En 1950 se fundó la institución madre de una tupida madeja de tapaderas culturales de la operación “Okopera”, el Congreso de la Libertad Cultural, dirigido por Michael Josselson. un cuarentón agente de operaciones encubiertas e intelectual lituano, muy resentido por la ocupación de su país por los soviéticos en 1940.
Además, se establecieron sucursales del congreso en 35 países, contrataron, compraron o reclutaron a miles de personas, incluyendo artistas, intelectuales y periodistas para organizar, casas editoras, conferencias, exposiciones de arte, publicaron artículos de opinión en decenas de revistas y formaron su propio servicio informativo para replicar en formato cultural los intereses geopolíticos de EE.UU.
Sin mayores problemas, las principales instituciones norteamericanas mecenas del arte y la cultura como la Fundaciones Ford, Rockefeller, el Museo de Arte Moderno de New York, (MOMA) y otros, colaboraron con dedicación a los planes de la CIA.
También se consolidó un sistema de premios en metálico, de becas y se utilizaron a intelectuales conscientes o no, para la manipulación de ideas dirigidas a un fin único: lograr la hegemonía cultural e ideológica de los intereses norteamericanos en los principales circuitos de arte y de ideas para contrarrestar el socialismo y los movimientos progresistas en todo el mundo.
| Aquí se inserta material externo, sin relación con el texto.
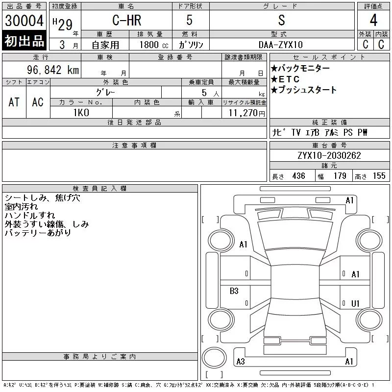 Toyota C-HR с аукциона Японии CAA Chubu лот № 30004

En esta gran red de influencia extendida por más de 20 años cayeron intelectuales liberales y  críticos con la política soviética, algunos lejos de los postulados de la extrema derecha, quienes fueron calificados como la “ izquierda anti soviética” por la CIA, pero que fueron muy útiles en sus planes.
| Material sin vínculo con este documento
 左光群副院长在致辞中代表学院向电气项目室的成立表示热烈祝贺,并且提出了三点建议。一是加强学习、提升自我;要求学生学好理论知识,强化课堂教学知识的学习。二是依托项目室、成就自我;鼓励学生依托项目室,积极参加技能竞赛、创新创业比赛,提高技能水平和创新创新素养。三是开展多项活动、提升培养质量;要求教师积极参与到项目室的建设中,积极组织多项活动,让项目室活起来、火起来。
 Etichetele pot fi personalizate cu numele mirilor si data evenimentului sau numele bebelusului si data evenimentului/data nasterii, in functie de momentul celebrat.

Entre ellos figuraron George Orwell, Irving Kristol, Melvian Lasky, Isaiah Berlin, Stephen Spender, Sydney Hook, Daniel Bell, Dwight MacDonald, Robert Lowell, Hannah Arendt, Mary McCarthy, y muchos otros en los Estados Unidos y Europa.
Pero para 1967 el retablo de tan gigantesca operación se resintió. Los EE.UU con su intervención en Viet Nam, la invasión de Playa Girón y el cambio de situación en América Latina que trajo la Revolución cubana y un movimiento anti belicista que junto a los conflictos raciales de la década de 1960, puso en peligro al propio sistema de valores  democráticos de la sociedad norteamericana
La crisis la completó los asesinatos del Presidente John F.Kennedy, del líder negro Martin Luther King y posteriomente de Robert Kennedy, Fiscal General en 1968, lo que tuvo que atiborrar de desencanto a una base de intelectuales liberales que vieron entonces la cercanía  con la CIA como algo embarazoso y comenzaron las filtraciones a la prensa.
En 1966 y 1967,  la revista norteamericana  Ramparts, acusada por los servicios secretos por presunta vinculación con el comunismo y en el diario New York Times se publicaron artículos e investigaciones respecto a varias organizaciones patrocinadas por la CIA, como la revista Encounter del Congreso pro Libertad Cultural, con lo cual quedó evidenciado que la agencia pagaba desde hacía más de 30 años todo ese proyecto  y salieron a la luz pública nombres de intelectuales vinculados a esa operación. Era lo único que faltaba para la desbandada final de muchos colaboradores del proyecto.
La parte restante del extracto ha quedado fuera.